Sauf que la définition de l’état de sécheresse varie suivant les régions du monde. En France, par exemple, on considère qu’il y a sécheresse absolue lorsqu’aucune goutte de pluie (soit moins de 0,2 mm/jour) n’est tombée pendant 15 jours consécutifs.

Aux États-Unis, la sécheresse est établie si une zone étendue reçoit 30 % de précipitations ou moins qu’en temps normal sur une période de 21 jours consécutifs.

En Tunisie, il n’existe pas de paramètres qui peuvent déclencher l’état de sécheresse hormis certains articles dans le nouveau code des eaux pas encore adopté. Cependant, selon le Plan national sécheresse Tunisie, un Comité technique de veille et d’alerte (Ctva) dans le cadre du développement et la mise en œuvre du Système d’alerte précoce (SAP) doit être mis en place. La première étape porte sur la définition des indicateurs qui feront l’objet d’un suivi régulier et la fixation des seuils de déclenchement d’alerte. Le choix des indicateurs doit permettre de signaler tous les types de sécheresse (météorologique, agricole, hydrologique, socioéconomique et écologique).

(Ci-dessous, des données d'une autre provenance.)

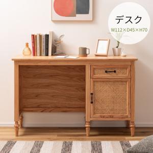 デスク PM-515NA 机 テーブル 木製デスク アンティーク調 ラタン 引出 引き出し 天然木 ミンディ 可動板 かわいい ボビンレッグ
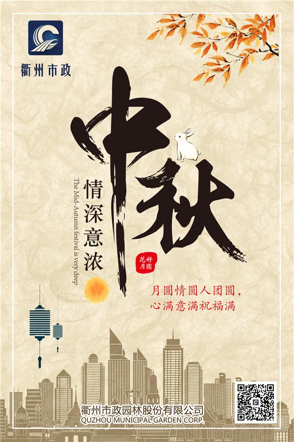 值此中秋佳節(jié)之際,衢州市政園林股份有限公司董事長鄭榮忠攜公司全體員工敬祝各界朋友們:中秋快樂,闔家幸福;生活美滿,萬事如意!
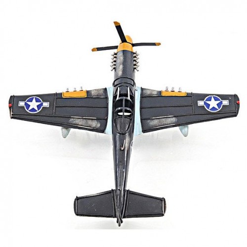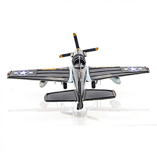 This 1943 Grey Mustang P-51 was an American long-range, single-seat fighter and fighter-bomber used during World War II, the Korean War and other conflicts. This replica model is handcrafted in iron frame with a scale of 1:40. This Grey Mustang P-51 model comes with remarkable details such as front rotor blade, wings, cockpit, and landing wheels. They are beautifully painted with the authentic WWII paint and symbols. A must have for the collector and enthusiast! ï 100% iron frame ï Metal wheels ï Metal propeller ï Wheels roll ï Propellers spin ï Decaled insignia ï Landing gear, drop fuel tank, bomb, and missiles are securely welded on
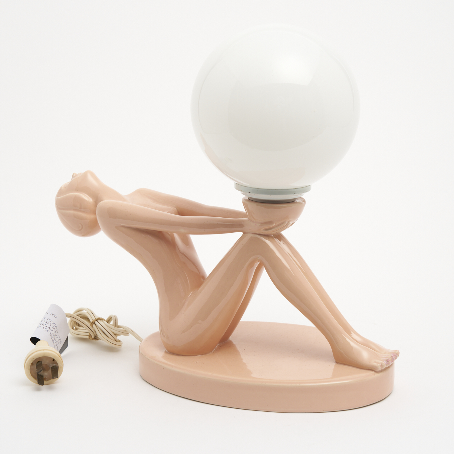 A MID CENTURY GLAZED ITALIAN PINK PORCELAIN LADY LAMP RETAILED BY SAYWELL IMPORTS W.36CM

La définition des seuils doit être effectuée par zones. La délimitation des zones peut différer d’un indicateur à un autre (découpage climatique, en fonction des cultures pratiquées, en fonction des capacités d’adaptation des communautés, etc.).

En Tunisie, le climat semi-aride à aride qui caractérise le pays sur la majorité de son territoire l’expose à une rareté prononcée des ressources en eau et à une récurrence des sécheresses. Encore faut-il le rappeler, la sécheresse est une anomalie temporaire, à la différence de l’aridité, qui est une caractéristique permanente du climat.

Quelles mesures prendre ?

Abdallah Rabhi explique qu’à l’image d’autres pays européens, la Tunisie doit prendre des mesures efficaces en matière de consommation des eaux. Il rappelle que la France a enregistré depuis l’été dernier des records de températures. Dos au mur, les autorités ont décidé de placer certains départements en alerte sécheresse et de mettre en place des mesures de restriction de l’usage de l’eau comme l’interdiction d’arroser le jardin entre certaines heures. «En décrétant l’état de sécheresse, les Tunisiens n’auront plus le choix que de changer leur comportement en matière de gestion d’eau et d’adopter de meilleures pratiques afin de préserver cette denrée de plus en plus rare», fait-il savoir.